OPs = df["OP"].iloc[18:46]

x = np.arange(len(OPs))
plt.scatter(x, -OPs)
plt.xticks(x, df["CH_name"].iloc[18:46], rotation='vertical')
plt.xlabel("C-H name")
plt.ylabel("-S_CH")
plt.title("Order parameter palmitoyl chain, Berger POPC")
[15]:
Text(0.5, 1.0, 'Order parameter palmitoyl chain, Berger POPC')
../_images/notebooks_Notebook_01_buildH_calc_OP_29_1.png

Another example with the polar head, on the alpha beta of the choline and glycerol C-Hs.

[16]:
import numpy as np
import matplotlib.pyplot as plt

OPs = df["OP"].iloc[9:18]
STEMs = df["STEM"].iloc[9:18]

# These 2 avoid plotting a line between the points.
lines = {'linestyle': 'None'}
plt.rc('lines', **lines)

x = np.arange(len(OPs))
plt.errorbar(x, -OPs, STEMs, fmt='', marker='.')
plt.xticks(x, df["CH_name"].iloc[9:18], rotation='vertical')
plt.xlabel("C-H name")
plt.ylabel("-S_CH")
plt.title("Order parameter polar head, Berger POPC")
[16]:
Text(0.5, 1.0, 'Order parameter polar head, Berger POPC')
../_images/notebooks_Notebook_01_buildH_calc_OP_31_1.png

Since the error bars are very small, we used marker='.' to draw tiny points.
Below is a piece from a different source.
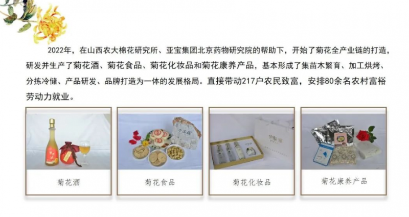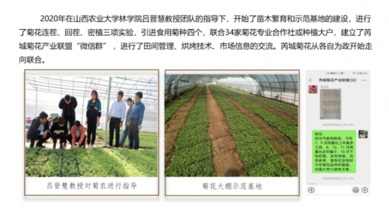 山西省及運(yùn)城市、芮城縣各級(jí)政府高度重視菊花產(chǎn)業(yè)的發(fā)展,出臺(tái)了一系列扶持政策。在產(chǎn)業(yè)規(guī)劃方面,與山西農(nóng)業(yè)大學(xué)就菊花產(chǎn)業(yè)發(fā)展簽訂合作協(xié)議,制定了《芮城菊花產(chǎn)業(yè)發(fā)展規(guī)劃(2022—2032)》,為芮城菊花產(chǎn)業(yè)發(fā)展指明了方向;在標(biāo)準(zhǔn)制定方面,先后制定了《茶菊種植技術(shù)規(guī)程》《金絲皇菊烘干加工技術(shù)規(guī)程》等各類標(biāo)準(zhǔn),并于2023年制定了《芮城縣菊花產(chǎn)業(yè)標(biāo)準(zhǔn)體系》,為育苗、栽培、病蟲(chóng)害綠色防控、園區(qū)機(jī)械化管理、貯藏、運(yùn)輸、加工等全產(chǎn)業(yè)鏈生產(chǎn)管理環(huán)節(jié)提供標(biāo)準(zhǔn)化技術(shù)參考;在資金扶持方面,設(shè)立了產(chǎn)業(yè)發(fā)展專項(xiàng)資金,用于支持菊花種植基地建設(shè)、加工企業(yè)設(shè)備升級(jí)、品牌宣傳推廣等,為菊花產(chǎn)業(yè)的發(fā)展提供了有力的政策保障。

If we use the standard marker='o', the error bars are often not seen because they are smaller than the point itself.

Conclusion#

In this notebook, we showed you how to use buildH to build hydrogens from a united-atom trajectory and calculate the order parameter on it. Then, we showed some convenient use of pandas and matplotlib Python modules to select the data we are interested in and plot the corresponding results.